Genocide. Phnom Penh, Cambodia.

While many children in North America and Europe beg their parents for the latest video game or iphone, many children in Phnom Penh beg anyone who will listen for water and food. Of course they ask for money first but if monetary hand-outs don't appear it is followed up with a request for water or food. The poverty in Phnom Penh cannot go unoticed and is impossible to ignore.
We explored the killing fields and the S-21 Prison. These two historical sights have been preserved to serve as reminders of the atrocities that Cambodia's people suffered through during the Kmer Rouge Communist regime. The country is still rebuilding and healing from this recent genocide that wiped out 25% of the population and only came to an end in 1979. Under the Kmer Rouge Communist regime religion, money, education, culture and city life were outlawed while peasant lifestyles and farming were forced on the people. "The Kmer Rouge shattered families and homes, destroyed financial, educations, religious, cultural and political institutions" (Olivia Ataras & Sarah Jones Dickens).
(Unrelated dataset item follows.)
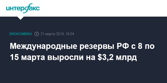 По состоянию на 8 марта международные резервы равнялись $479,3 млрд. Таким образом, за неделю они увеличились на $3,2 млрд.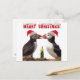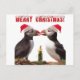 Merry Christmas with funny two puffins with red santa hats and going to kiss

There was widespread famine across the nation. Educated citizens were tortured and killed, along with anyone who was suspected of being a traitor. Their children were not spared.
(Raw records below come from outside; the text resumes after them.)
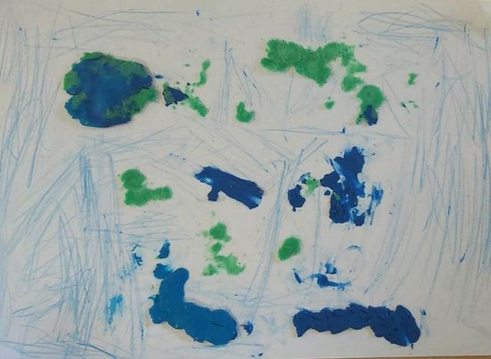 Darbā attēlots kosmoss, kurā ir zeme un daudz elektrības. Uz zemes ir daudz ūdens.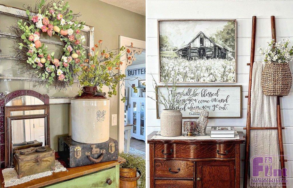 Ощущения, будто вы в благоухающем весеннем саду, можно добиться, скомбинировав винтажные вещицы с живыми цветами. Располагайте такие инсталляции на комодах, тумбах или открытых полках. В качестве ретроэлементов можно взять старинные шкатулки, чемоданы, зеркала, различные деревянные фигурки, бидоны. Как раз последние хорошо будет использовать для цветов вместо обычных ваз.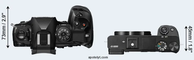 Compare OM-1 versus A6000 top

Today, Cambodia has a very young population as most of the elderly did not survive the Indo-china War or the Kmer Rouge Communist genocide that immediately followed it. Imagine an entire nation almost completely devoid of grandparents? Studies suggest that most of the people in Cambodia are suffering with post tramatic stress disorders after surviving the genocide or being forced to participate in it's brutalities either as child soldiers or prison guards. The country is also teeming with children living on the streets or in orphanages. "The Kmer Rouge left behind a vastly uneducated and unskilled society, a displaced, diasporic and traumatized nation: a population of seventy percent women, widowed from the regime: and a country riddled with landmines that ceven today continue to maim and kill" (Olivia Ataras & Sarah Jones Dickens). Today, the Cambodian government is democratic. However, as one man told me, many of the figureheads in power still have a communist mentality and there is coruption.